Available data ::
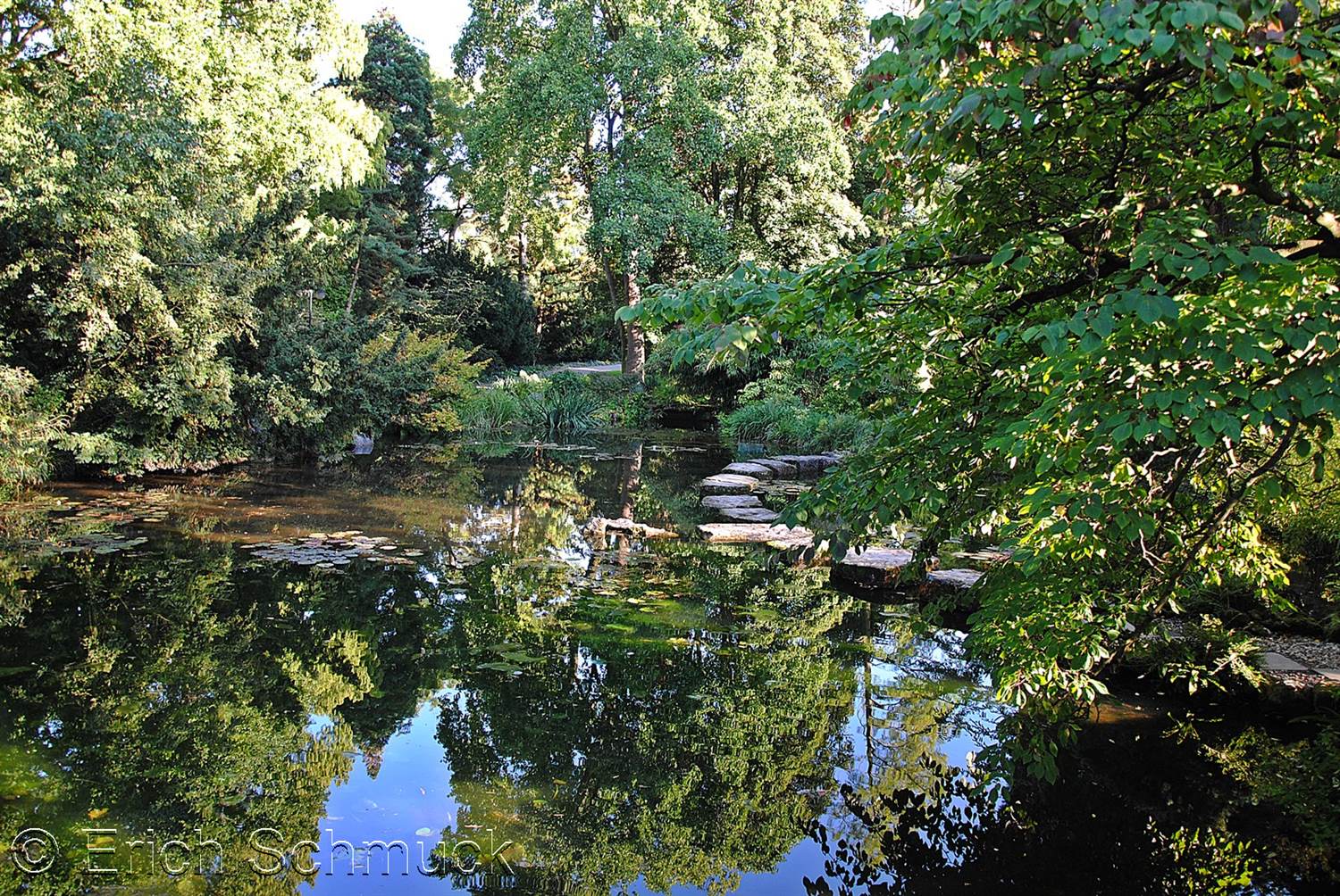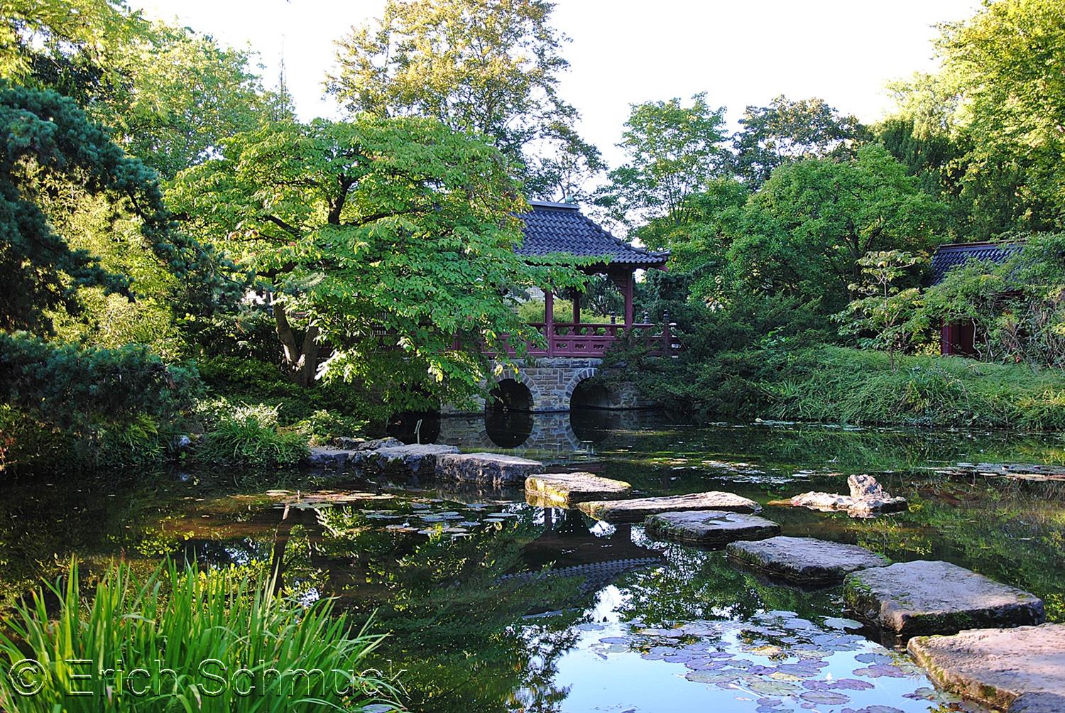 Sur une surface d’environ 15 000 m², le jardin s’organise autour d’un système de bassins et de ruisseaux alimentés artificiellement, qui structurent la promenade. Les cheminements empruntent les cinq ponts qui franchissement les méandres des cours d’eau. Le pont Mikadobrücke est le plus emblématique. Le pont Laubenbrücke est recouvert d’une treille et conduit au pavillon de thé Teehaus.
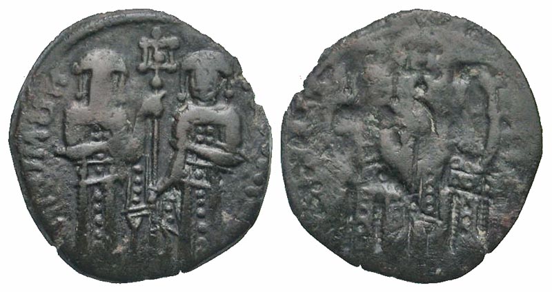 Andronicus II and Michael IX. 1295-1320. AE assaria (20.7 mm, 1.99 g, 12 h). Constantinople mint. ANΔPONIKOC MIXAHΛ, Andronicus and Michael standing facing, holding labarum between them / Incuse of the obverse. SBV 2436; DOC 6818-2. aVF. Scarce.
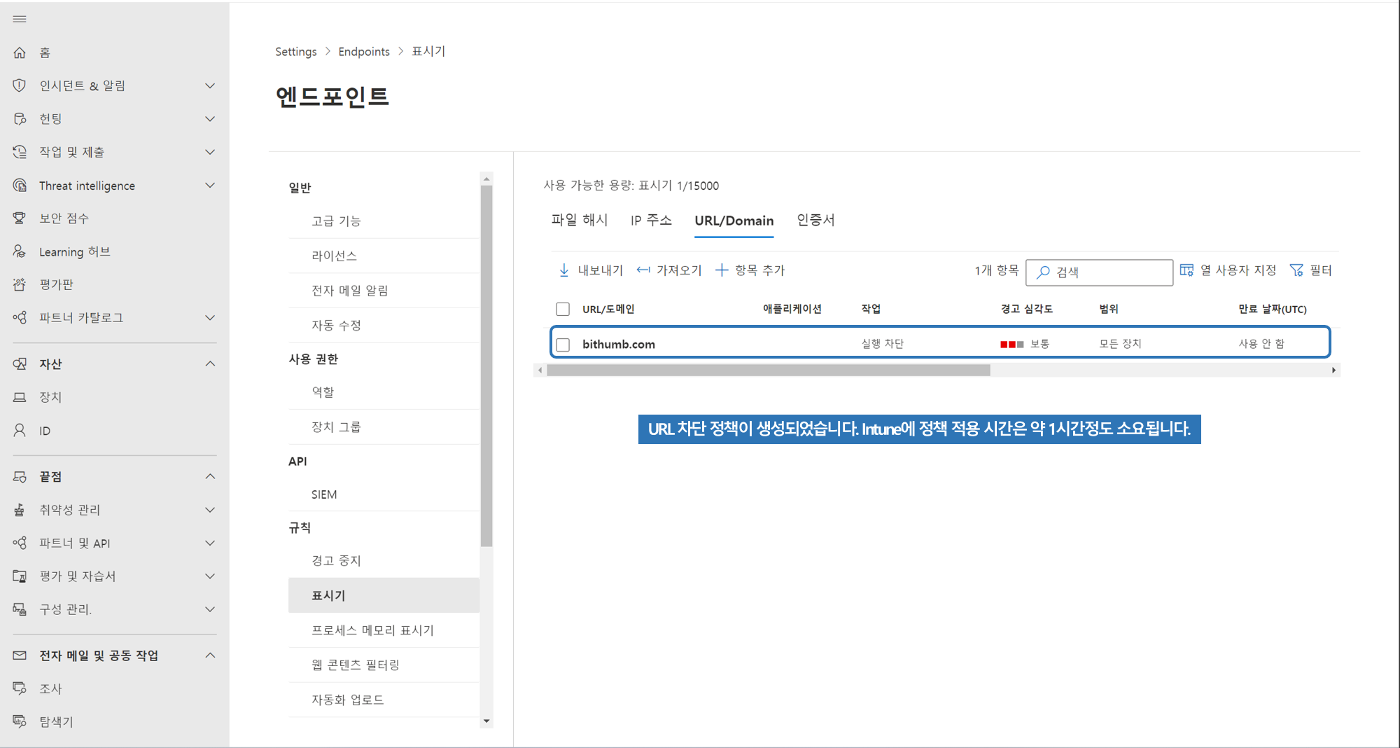 엔드포인트 Denfender로 도메인 차단 방법

Problem to solve ::
Copy out nothing but text: transcribe the listing exactly and skip each picture.

Result ::
 Sur une surface d’environ 15 000 m², le jardin s’organise autour d’un système de bassins et de ruisseaux alimentés artificiellement, qui structurent la promenade. Les cheminements empruntent les cinq ponts qui franchissement les méandres des cours d’eau. Le pont Mikadobrücke est le plus emblématique. Le pont Laubenbrücke est recouvert d’une treille et conduit au pavillon de thé Teehaus.
 Andronicus II and Michael IX. 1295-1320. AE assaria (20.7 mm, 1.99 g, 12 h). Constantinople mint. ANΔPONIKOC MIXAHΛ, Andronicus and Michael standing facing, holding labarum between them / Incuse of the obverse. SBV 2436; DOC 6818-2. aVF. Scarce.
 엔드포인트 Denfender로 도메인 차단 방법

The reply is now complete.